Problem details
Output exactly, and only, the lines below from the one with "To My Brother" down to the one with "LIVRO Blue White". Include both end lines and no pictures.

Entries supplied
#####

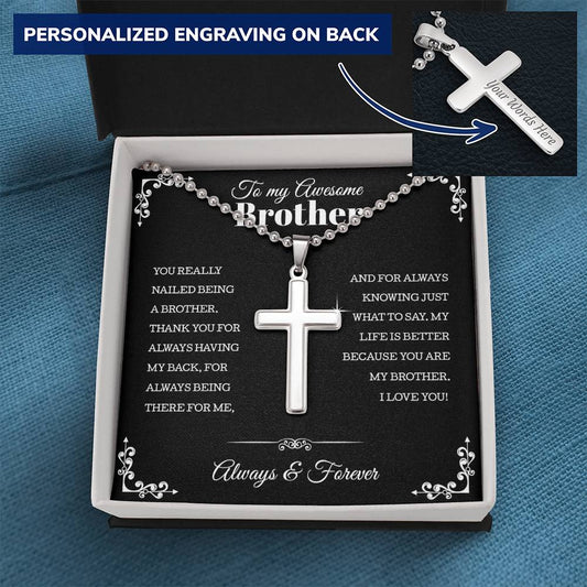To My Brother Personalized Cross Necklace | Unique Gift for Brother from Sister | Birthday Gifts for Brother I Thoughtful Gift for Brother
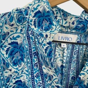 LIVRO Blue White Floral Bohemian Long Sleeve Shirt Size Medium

#####

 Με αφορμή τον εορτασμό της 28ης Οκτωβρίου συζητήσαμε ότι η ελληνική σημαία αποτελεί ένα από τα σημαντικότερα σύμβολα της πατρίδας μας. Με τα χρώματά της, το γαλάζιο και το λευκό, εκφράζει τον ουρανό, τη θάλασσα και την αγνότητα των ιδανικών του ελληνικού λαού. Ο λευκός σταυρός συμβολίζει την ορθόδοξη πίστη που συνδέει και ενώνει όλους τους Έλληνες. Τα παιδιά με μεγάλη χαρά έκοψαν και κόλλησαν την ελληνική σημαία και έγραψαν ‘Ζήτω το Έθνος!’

#####

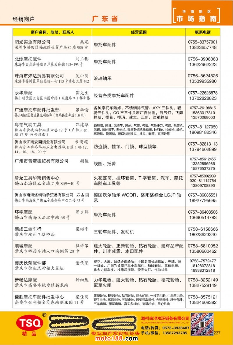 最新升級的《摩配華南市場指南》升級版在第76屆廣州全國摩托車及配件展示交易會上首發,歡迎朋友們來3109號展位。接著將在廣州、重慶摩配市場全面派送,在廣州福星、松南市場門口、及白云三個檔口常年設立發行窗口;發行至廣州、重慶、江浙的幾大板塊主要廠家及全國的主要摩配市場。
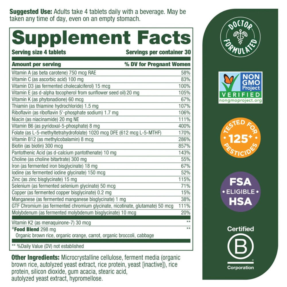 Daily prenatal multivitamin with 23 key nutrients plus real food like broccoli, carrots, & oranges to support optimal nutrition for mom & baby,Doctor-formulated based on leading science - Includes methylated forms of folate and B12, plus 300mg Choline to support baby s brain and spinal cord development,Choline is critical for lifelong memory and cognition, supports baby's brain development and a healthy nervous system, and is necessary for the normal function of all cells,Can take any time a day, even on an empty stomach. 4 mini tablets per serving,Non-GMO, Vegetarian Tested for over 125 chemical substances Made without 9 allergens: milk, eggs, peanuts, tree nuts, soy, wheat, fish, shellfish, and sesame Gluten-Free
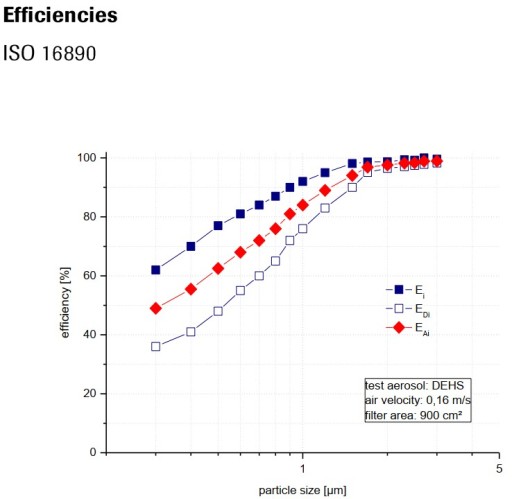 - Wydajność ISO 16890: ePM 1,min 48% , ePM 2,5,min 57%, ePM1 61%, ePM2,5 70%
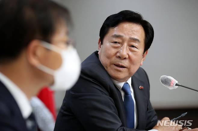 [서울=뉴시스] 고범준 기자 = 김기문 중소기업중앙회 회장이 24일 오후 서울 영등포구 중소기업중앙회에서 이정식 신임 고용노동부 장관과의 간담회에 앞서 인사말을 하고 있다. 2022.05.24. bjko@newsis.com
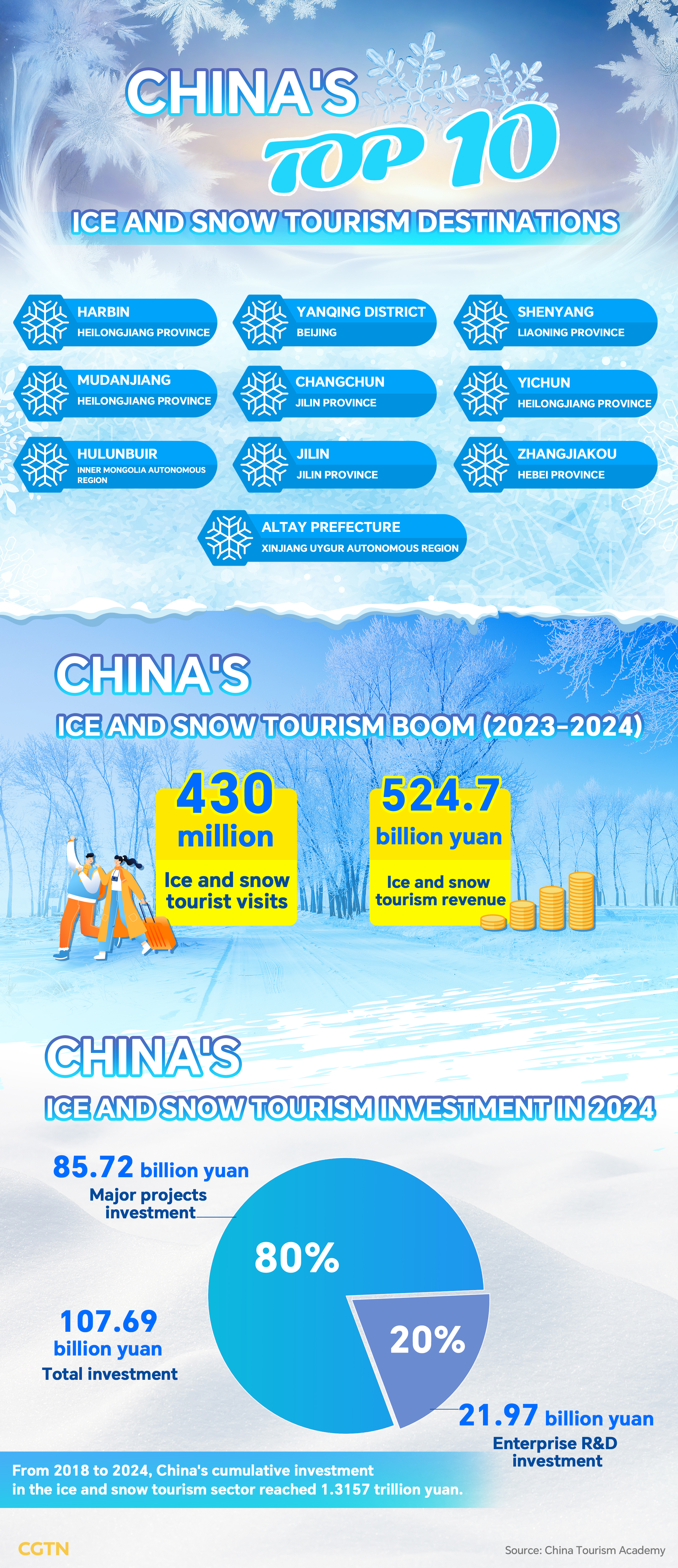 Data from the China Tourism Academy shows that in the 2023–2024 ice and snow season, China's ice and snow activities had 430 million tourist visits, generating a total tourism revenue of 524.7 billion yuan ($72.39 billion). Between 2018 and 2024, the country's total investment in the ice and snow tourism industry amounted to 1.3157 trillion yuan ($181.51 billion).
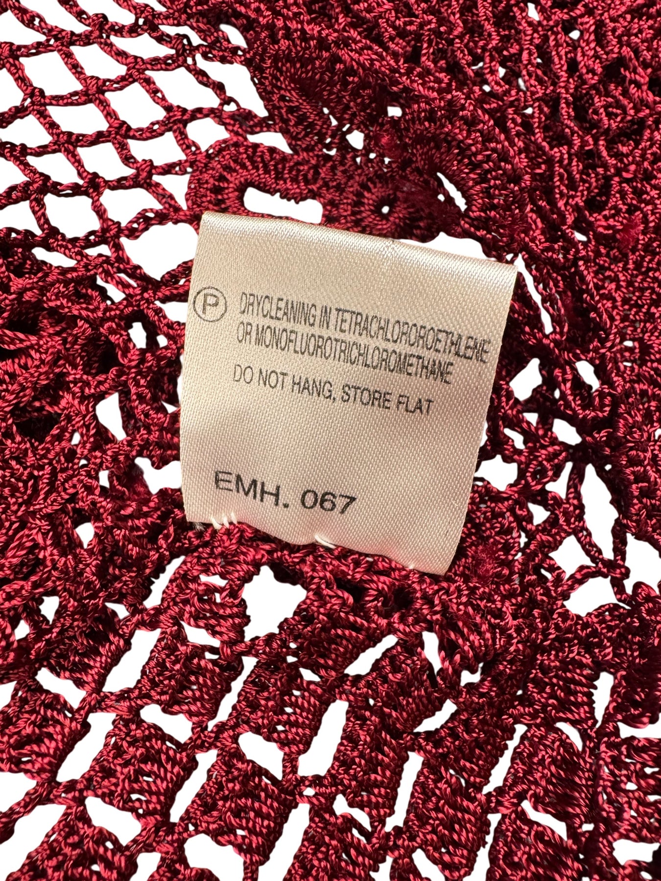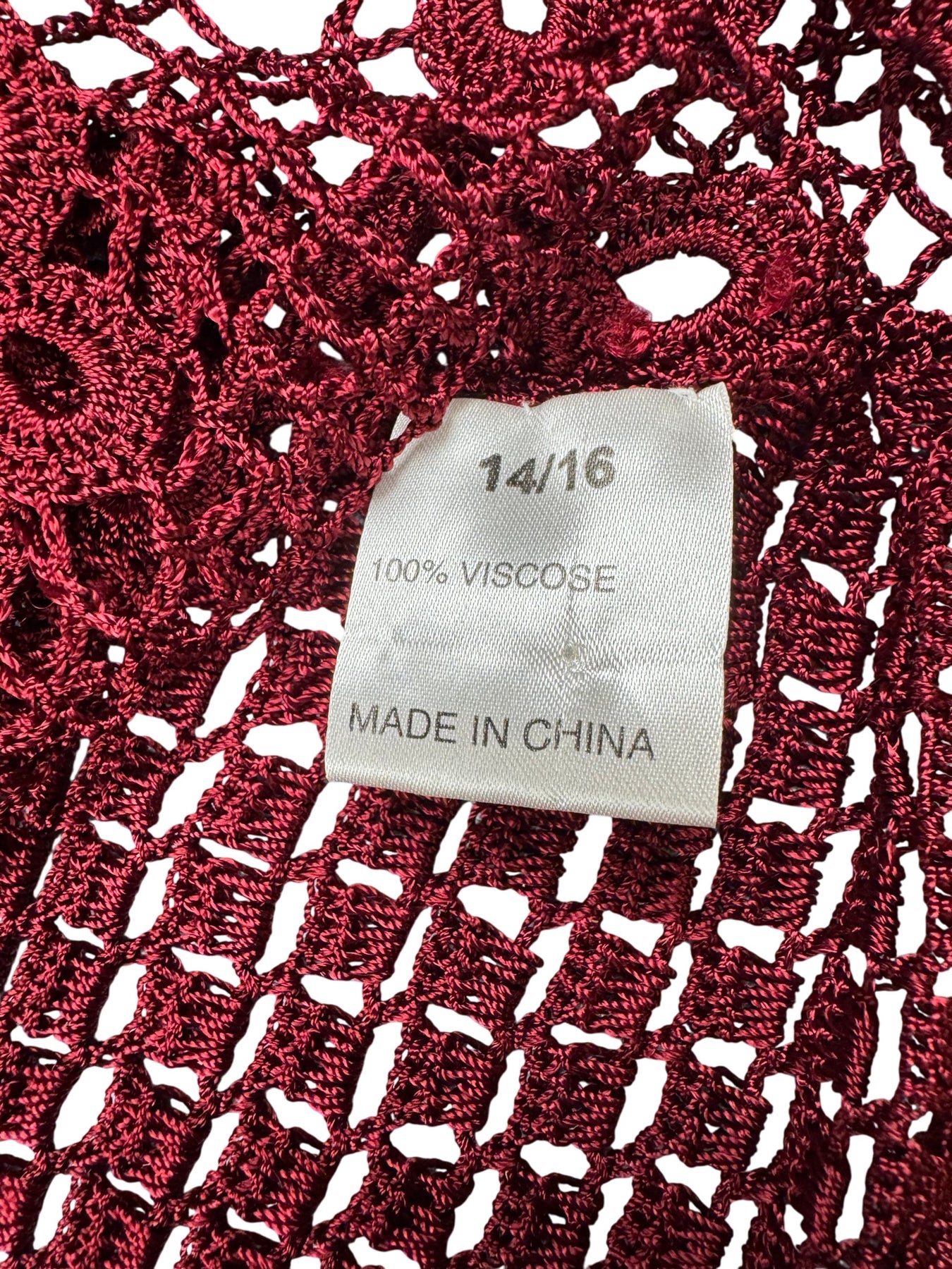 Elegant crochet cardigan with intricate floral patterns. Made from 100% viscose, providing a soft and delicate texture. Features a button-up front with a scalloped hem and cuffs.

#####

Your solution
To My Brother Personalized Cross Necklace | Unique Gift for Brother from Sister | Birthday Gifts for Brother I Thoughtful Gift for Brother
 LIVRO Blue White Floral Bohemian Long Sleeve Shirt Size Medium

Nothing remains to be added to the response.